If I then restore the USER www-data line, but change the CMD line to just CMD whoami , then that also works as expected and this gets logged:

[info] www-data

For my original use case of Apache HTTPD, I can get it to work by changing:

ErrorLog /dev/stderr

to:

ErrorLog "|$/bin/cat >&2"

Which is fine except that it results in two extra processes being spawned: one for “cat” and one for the shell (“|$” tells Apache to open the pipe via a shell, which is needed for the “>&2” to work).

2 Likes

Sorry it’s taking so long, working on many things simultaneously.

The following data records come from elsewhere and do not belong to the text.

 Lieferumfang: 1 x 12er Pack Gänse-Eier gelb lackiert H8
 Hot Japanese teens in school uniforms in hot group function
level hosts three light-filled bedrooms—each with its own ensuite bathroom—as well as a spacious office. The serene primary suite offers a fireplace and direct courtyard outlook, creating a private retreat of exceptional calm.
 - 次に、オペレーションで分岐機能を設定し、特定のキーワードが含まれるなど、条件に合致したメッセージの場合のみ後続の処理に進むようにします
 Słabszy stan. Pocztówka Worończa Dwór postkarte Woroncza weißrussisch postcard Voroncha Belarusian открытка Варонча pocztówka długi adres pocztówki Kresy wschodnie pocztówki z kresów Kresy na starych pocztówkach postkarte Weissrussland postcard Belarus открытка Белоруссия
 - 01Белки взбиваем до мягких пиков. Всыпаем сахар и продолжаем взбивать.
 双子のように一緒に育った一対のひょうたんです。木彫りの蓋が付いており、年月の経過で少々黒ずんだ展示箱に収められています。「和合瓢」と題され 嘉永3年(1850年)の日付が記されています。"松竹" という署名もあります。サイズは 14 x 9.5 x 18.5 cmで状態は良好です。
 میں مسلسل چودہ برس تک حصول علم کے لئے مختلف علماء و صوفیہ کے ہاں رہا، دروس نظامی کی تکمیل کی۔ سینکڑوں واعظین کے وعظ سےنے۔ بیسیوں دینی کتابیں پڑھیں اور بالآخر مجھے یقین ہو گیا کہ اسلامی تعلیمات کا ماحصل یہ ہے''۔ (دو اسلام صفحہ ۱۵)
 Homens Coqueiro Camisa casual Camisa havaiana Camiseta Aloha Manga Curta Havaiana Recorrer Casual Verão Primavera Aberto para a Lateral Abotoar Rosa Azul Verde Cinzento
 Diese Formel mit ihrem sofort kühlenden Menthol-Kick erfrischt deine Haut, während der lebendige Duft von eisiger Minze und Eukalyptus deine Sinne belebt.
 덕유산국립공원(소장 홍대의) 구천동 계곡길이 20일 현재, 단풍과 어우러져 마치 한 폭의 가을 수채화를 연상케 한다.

I wonder what Docker does here. I doubt it creates a pipe like that.

Does chmod o+w /dev/stdout /dev/stderr, while logged in as the cnb user, in an entrypoint make it work?

Could this be an issue with Fly’s init? To collect and summarise the known information:

  • The code in the public init-snapshot repo clearly tries to set the ownership of the pipes to the app user (credit to @ignoramus for the find).

  • However the pipes are still owned by root (as demonstrated by @Alex21).
    Minimal Dockerfile combining the relevant commands:

    FROM ubuntu:latest
    USER www-data
    CMD whoami; ls -l /dev/stdout /proc/self/fd/1; stat -L /proc/self/fd/1; echo "test" >>/dev/stdout
    

    Logs:

    www-data
    lrwxrwxrwx 1 root     root     15 Jan 27 19:00 /dev/stdout -> /proc/self/fd/1
    l-wx------ 1 www-data www-data 64 Jan 27 19:00 /proc/self/fd/1 -> pipe:[4403]
      File: /proc/self/fd/1
      Size: 0          Blocks: 0          IO Block: 4096   fifo
    Device: ch/12d     Inode: 4403        Links: 1
    Access: (0600/prw-------)  Uid: (    0/    root)   Gid: (    0/    root)
    Access: 2023-01-27 19:00:15.069441815 +0000
    Modify: 2023-01-27 19:00:15.085441814 +0000
    Change: 2023-01-27 19:00:15.085441814 +0000
     Birth: -
    /bin/sh: 1: cannot create /dev/stdout: Permission denied
    

    The problem is with the ownership of pipe:[4403].
    The line “Access: (0600/prw-------) Uid: ( 0/ root) Gid: ( 0/ root)”
    should be “Access: (0600/prw-------) Uid: ( 33/www-data) Gid: ( 33/www-data)”.

    (Aside: stat -L /proc/1/fd/* shows that all the pipes of PID 1 are also owned by root.)


I don’t know why the pipes have the wrong ownership.

However I can explain a small part of the weirdness, specifically why writing to standard out succeeds but redirecting to /dev/stdout fails (as pointed out by @Alex21):

The kernel does not perform permission checks on file descriptors inherited by a process, but it does perform permission checks when a process tries to re-open those file descriptors using a path such as /dev/stdout or /proc/self/fd/1.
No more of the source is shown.